Friedman, whose free-market theories remain the raison d'etre for the school voucher movement, is regarded as the father of the movement. Clint Bolick is its enthusiastic big brother. Bolick is a Boy Scout of a man, so preternaturally cheerful and polite that it's probably better that he didn't become a teacher; one can only imagine what a classroom of eighth-graders would do to him. After law school at the University of California at Davis, Bolick went to work at Mountain States Legal Foundation, a nonprofit legal center supporting the cause of limited government, in Denver. In 1983 he wrote an amicus brief in Mueller v. Allen, in which the U.S. Supreme Court eventually upheld the constitutionality of a Minnesota law that permitted parents to deduct from their state taxes some of the expenses of sending their children to school, public or private. Bolick's brief was on behalf of a coalition of libertarian and school choice groups. Writing it, he says, crystallized for him the argument that publicly funded school choice leveled the playing field for poor kids. "What has made [the modern voucher movement] different is the marriage between free-market advocates and advocates for low-income people," says Bolick, who is part of Washington's conservative-libertarian firmament. (Among his backers are the Sarah Scaife Foundation and the John M. Olin Foundation.) "That brief pioneered the approach we continue using."

Remaking school vouchers into a civil rights issue suits Bolick perfectly; he is empathetic by nature with a genius for public relations. His guiding principle is "economic justice," and, though Bolick actively opposes affirmative action, most of his clients are low-income people, many of them black. In 1990 Bolick heard about a woman named Annette Polly Williams, a black Wisconsin state legislator from Milwaukee who was fighting for a pilot school choice program in her city. Bolick, then with Landmark Legal Foundation traveled to Milwaukee to meet with Williams and the African American families backing the Milwaukee school choice plan.

"His eyes," wrote Milwaukee voucher activist Mikel Holt in his book, Not Yet "Free At Last," "darted around the room as if he were trying to establish a link with a skeptical jury." In that first meeting, wrote Holt, Bolick won over his audience with a calm discussion of the tactics he expected voucher opponents to employ and how he intended to counter them. "But it wasn't his legal scholarship or tactical generalship that put smiles on the faces of those who left the Saturday morning meeting," Holt wrote. "It was Clint Bolick's air of confidence that set our minds at ease and gave us hope.... Clint Bolick was a godsend."

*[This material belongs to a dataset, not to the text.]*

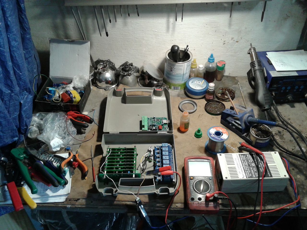 Сегодня начал монтировать BMS и PowerWatcher в корпус. 4 реле будут включать/выключать зарядники по команде BMS, остальные 4 релюх пока свободные. Управление минусом, можно приспособить на управление от микроконтроллера: охлаждение батарей, мотора и т.д.

For Bolick, the Milwaukee parents who asked him to represent them were equally providential. The Milwaukee pilot program was in many ways an ideal first test for vouchers. Milwaukee's public schools were unquestionably troubled. The pilot program would provide a small number of low-income parents with vouchers to cover their children's tuition at selected private schools. No religious schools participated in the pilot program, so the First Amendment church-and-state issues were irrelevant. And Bolick got to reap the public relations benefits of a conservative white lawyer defending the rights of low-income minority parents to send their kids to minority-oriented private schools.

Williams, the Milwaukee legislator who had spearheaded the school choice program, had no illusions about her symbolic value for Bolick and his ideological allies. "I'm a nappy-headed black woman, a single mother, a former welfare recipient with a poor constituency," says Williams, who knew she brought credibility to the movement. "They couldn't have created a better person. They'd watch and say, 'Oh, she kicked the teachers unions' butt."' Through Bolick, Williams became a school voucher celebrity. She accepted the alliance, she says, because she knew that Bolick and his friends could "spread to the nation what we were able to do in Milwaukee" more effectively than she could alone.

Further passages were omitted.